Exercise:
Write out again each line of the material below, unchanged, from the first one to the line that holds "5am. Out the".

*** Exercise data ***

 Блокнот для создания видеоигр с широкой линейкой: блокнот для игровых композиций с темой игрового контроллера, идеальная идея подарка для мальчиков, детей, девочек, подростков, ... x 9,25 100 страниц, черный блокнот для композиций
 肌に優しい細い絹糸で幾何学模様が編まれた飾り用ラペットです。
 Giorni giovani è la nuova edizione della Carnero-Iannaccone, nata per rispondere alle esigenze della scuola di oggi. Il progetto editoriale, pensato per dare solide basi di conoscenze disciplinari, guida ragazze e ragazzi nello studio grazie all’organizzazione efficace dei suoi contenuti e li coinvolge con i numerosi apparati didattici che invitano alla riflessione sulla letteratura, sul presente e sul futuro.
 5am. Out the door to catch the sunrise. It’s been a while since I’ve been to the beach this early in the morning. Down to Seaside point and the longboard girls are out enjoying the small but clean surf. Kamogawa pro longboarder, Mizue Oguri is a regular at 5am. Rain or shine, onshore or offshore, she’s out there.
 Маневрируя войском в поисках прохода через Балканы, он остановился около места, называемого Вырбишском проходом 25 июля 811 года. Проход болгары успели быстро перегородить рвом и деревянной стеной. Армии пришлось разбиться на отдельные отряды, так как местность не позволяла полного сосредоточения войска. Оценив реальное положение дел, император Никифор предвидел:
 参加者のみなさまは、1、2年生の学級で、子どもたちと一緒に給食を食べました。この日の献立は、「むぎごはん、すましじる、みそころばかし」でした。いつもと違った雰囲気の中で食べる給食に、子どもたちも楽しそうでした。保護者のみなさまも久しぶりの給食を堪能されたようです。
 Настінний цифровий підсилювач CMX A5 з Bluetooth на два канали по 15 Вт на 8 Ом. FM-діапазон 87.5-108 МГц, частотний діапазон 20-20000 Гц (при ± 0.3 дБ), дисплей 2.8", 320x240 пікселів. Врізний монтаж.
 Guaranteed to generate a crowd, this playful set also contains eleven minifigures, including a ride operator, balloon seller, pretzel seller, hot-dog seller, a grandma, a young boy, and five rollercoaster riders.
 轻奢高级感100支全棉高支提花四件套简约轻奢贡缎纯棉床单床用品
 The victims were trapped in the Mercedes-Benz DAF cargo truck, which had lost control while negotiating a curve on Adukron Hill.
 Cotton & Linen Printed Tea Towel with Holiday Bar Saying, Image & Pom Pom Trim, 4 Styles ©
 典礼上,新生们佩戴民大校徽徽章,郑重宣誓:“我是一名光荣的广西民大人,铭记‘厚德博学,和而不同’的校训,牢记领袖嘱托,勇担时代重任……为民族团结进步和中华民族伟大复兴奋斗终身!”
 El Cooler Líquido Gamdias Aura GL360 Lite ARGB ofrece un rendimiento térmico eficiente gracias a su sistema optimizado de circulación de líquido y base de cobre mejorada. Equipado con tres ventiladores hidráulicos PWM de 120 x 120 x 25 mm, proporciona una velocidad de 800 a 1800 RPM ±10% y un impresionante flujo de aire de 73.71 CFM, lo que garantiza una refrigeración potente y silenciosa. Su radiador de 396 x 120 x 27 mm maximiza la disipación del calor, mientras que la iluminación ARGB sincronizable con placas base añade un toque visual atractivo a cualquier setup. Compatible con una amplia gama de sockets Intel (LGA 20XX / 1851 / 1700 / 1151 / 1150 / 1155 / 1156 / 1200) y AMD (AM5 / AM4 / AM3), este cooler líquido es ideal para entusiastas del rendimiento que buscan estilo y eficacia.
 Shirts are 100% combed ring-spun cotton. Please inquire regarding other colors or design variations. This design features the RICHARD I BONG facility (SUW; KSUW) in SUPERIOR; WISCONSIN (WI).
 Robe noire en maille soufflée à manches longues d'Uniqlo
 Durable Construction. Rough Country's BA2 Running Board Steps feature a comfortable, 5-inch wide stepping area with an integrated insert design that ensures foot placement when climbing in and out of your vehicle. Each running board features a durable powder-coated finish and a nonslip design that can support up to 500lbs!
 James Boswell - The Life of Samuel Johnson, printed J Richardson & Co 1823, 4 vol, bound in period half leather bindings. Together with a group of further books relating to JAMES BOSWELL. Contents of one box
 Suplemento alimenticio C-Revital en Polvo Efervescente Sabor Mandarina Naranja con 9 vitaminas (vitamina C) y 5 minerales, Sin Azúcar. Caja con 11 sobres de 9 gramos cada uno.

***

Solution to this problem:
 Блокнот для создания видеоигр с широкой линейкой: блокнот для игровых композиций с темой игрового контроллера, идеальная идея подарка для мальчиков, детей, девочек, подростков, ... x 9,25 100 страниц, черный блокнот для композиций
 肌に優しい細い絹糸で幾何学模様が編まれた飾り用ラペットです。
 Giorni giovani è la nuova edizione della Carnero-Iannaccone, nata per rispondere alle esigenze della scuola di oggi. Il progetto editoriale, pensato per dare solide basi di conoscenze disciplinari, guida ragazze e ragazzi nello studio grazie all’organizzazione efficace dei suoi contenuti e li coinvolge con i numerosi apparati didattici che invitano alla riflessione sulla letteratura, sul presente e sul futuro.
 5am. Out the door to catch the sunrise. It’s been a while since I’ve been to the beach this early in the morning. Down to Seaside point and the longboard girls are out enjoying the small but clean surf. Kamogawa pro longboarder, Mizue Oguri is a regular at 5am. Rain or shine, onshore or offshore, she’s out there.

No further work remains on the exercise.